# Hangs after upgrading from Geforce 1 to Radeon 8500

## gotak

I have searched for radeon and ATI drivers related threads and crashing or hangs but no solution to my problems yet.

Basically i upgraded yesterday and I followed the thread instructions on how to install the ATI provided R200 drivers for linux.

What I did:

Pulled out Nvidia card, Put in ATI.

STart machine.

Installed ATI driver RPM using rpm -ivh --nodep ./blah.rpm

Recompiled kernel to have moduler agpgart and drm modules.

Recompiled ATI modules as per instructions that's on the ATI site.

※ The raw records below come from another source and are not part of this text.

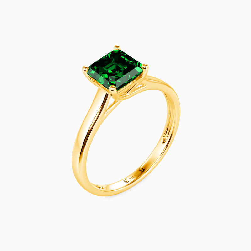 Simple yet divine, ask for her hand with this delicate solitaire. Standing tall in a traditional four-prong setting, a stylish Asscher-cut center stone radiates exceptional sparkle. An amazing look for the woman you adore, this engagement ring is finished with a shining polished shine.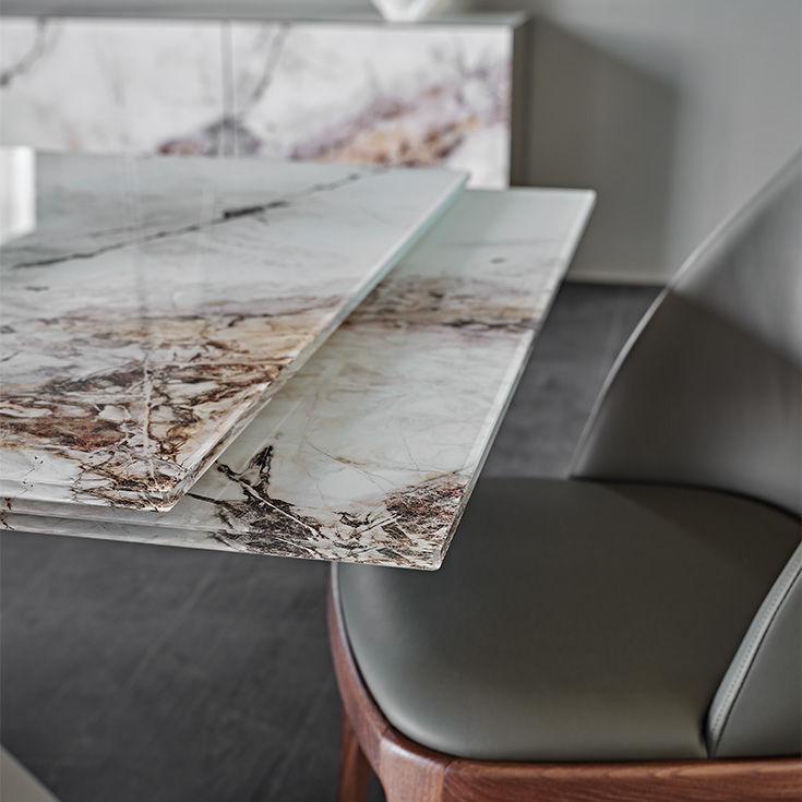 Customization is key to meet many design needs. You may choose between: Premier Crystalart and Premier Crystalart Drive glass tables, decorated with an artistic printing, the latter is an extendable glass table; Premier Keramik with a refined ceramic top, also available in the extendable table version Keramik Drive; Premier Wood and Premier Wood Drive, the first one with irregular edges, the second one with oblique regular edges. Premier design tables pay homage to the finest materials of Italian manufacturing and celebrate conviviality even in limited spaces.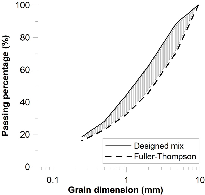 The finer fraction was added to facilitate the sliding at the interface between the larger grains and, therefore, to confer greater workability. From preliminary tests, in fact, in the absence of the very fine fraction, the workability of the mixture was not acceptable. The aggregates were used in the dry state. The water content also includes the part needed to wet the aggregates.
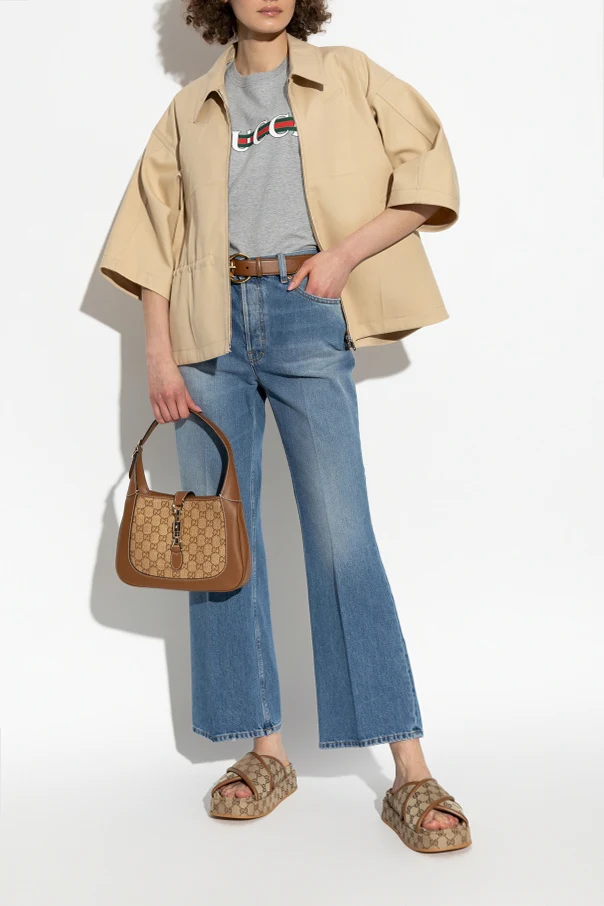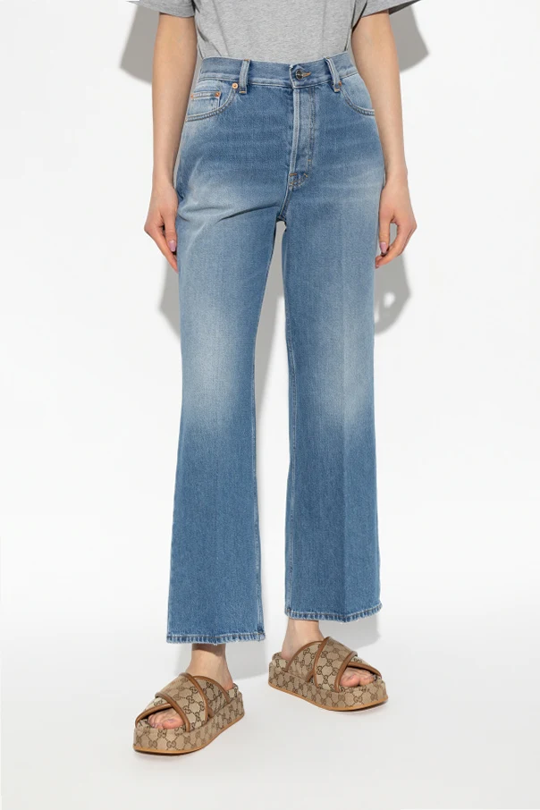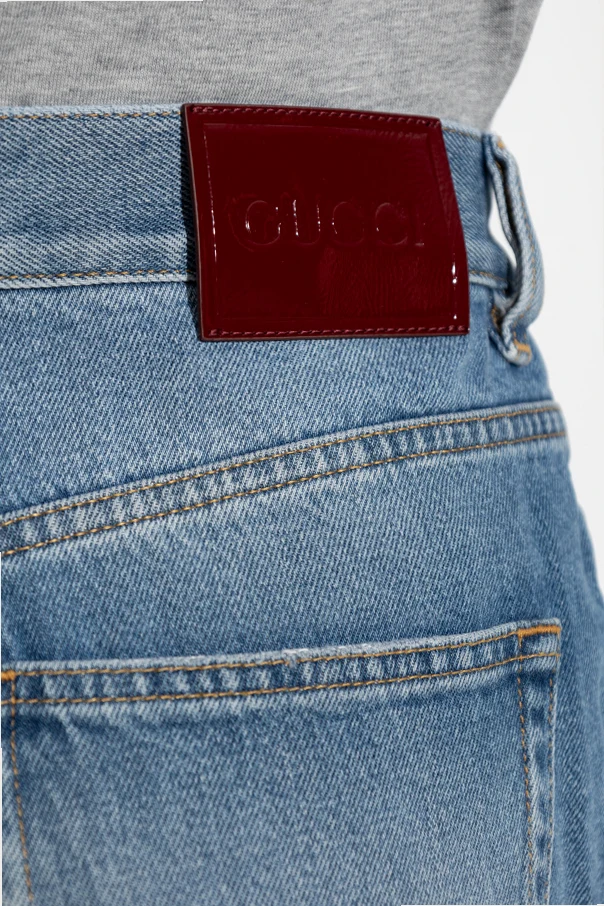 Ein praktischer Verschluss mit klassischem Reißverschluss und Knopf ergänzt das Set standardmäßiger Taschen, die Funktionalität und Komfort bieten. Die hinteren Taschen sind in einem minimalistischen Stil gehalten, der die Eleganz des Designs unterstreicht. Ein dunkelrotes Label mit geprägtem Gucci-Logo am Bund ist das Erkennungsmerkmal der Exklusivität dieser Marke.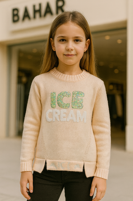 Детский вязаный свитер (джемпер) для девочки «ice cream» с пайетками, пудровый / 4-5 рок /...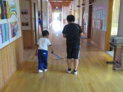 1年生も入学して1か月半が経ち、だいぶ学校生活に慣れてきたようです。縦割り生活班で行っている清掃活動も上級生のお兄さん、お姉さんに教えてもらいながら、一生懸命頑張っています。上級生も1年生と一緒に掃除をしながら、優しく丁寧に教えている姿を見かけます。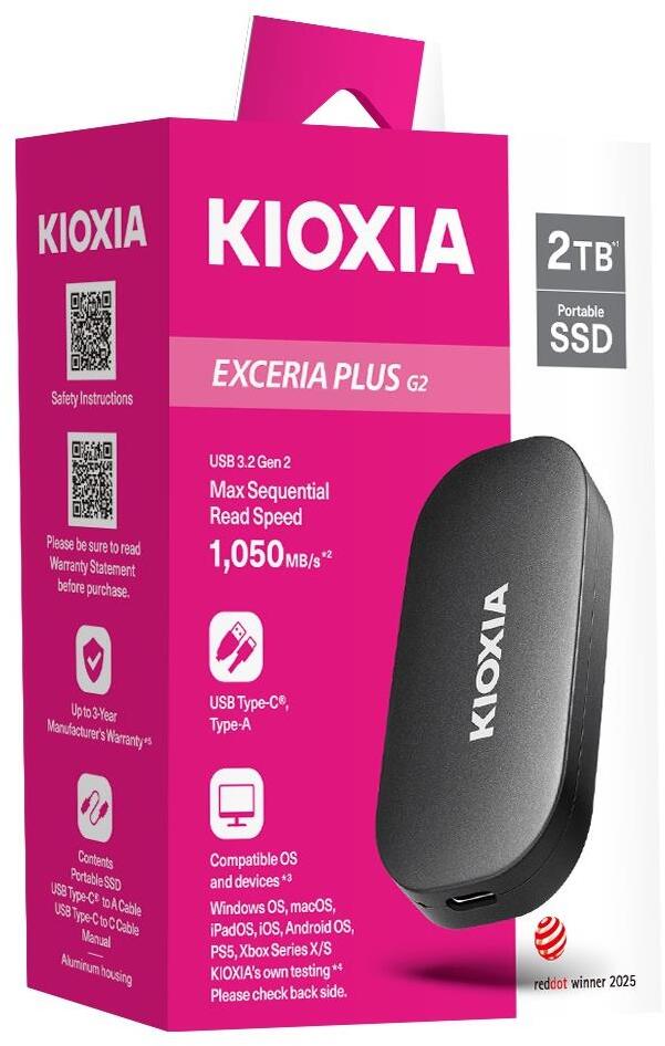 Kioxia Exceria Plus G2 Portable — це компактний зовнішній SSD-накопичувач, створений для тих, кому важлива висока швидкість роботи з даними у поєднанні з мобільністю та універсальністю. Він однаково зручний для роботи з ноутбуком, підключення до смартфона чи планшета, а також для використання з ігровими консолями.

merged, note i didn't umerge X first but just merge again, xfree in x11-base.

Restart

Start kdm and login.

Try to exit X and crash.

Now actually X works fine. The problem is I can't switch back to console mode without gentoo going into a hard crash. This means I can't shutdown or restart without a hard crash. Nor can I switch users in X without crashing. This just will not do.

What i want to know is if anyone have had experience with this and found a solution?

----------

## squanto

Did you emerge -C nvidia_kernel and glx?

Maybe radeon / X no like having 2 glx drivers? or something?

And reconfig X?

Andrew

----------

## gotak

The remerge of X was to solve the glx problem. As such i don't think that's the reason.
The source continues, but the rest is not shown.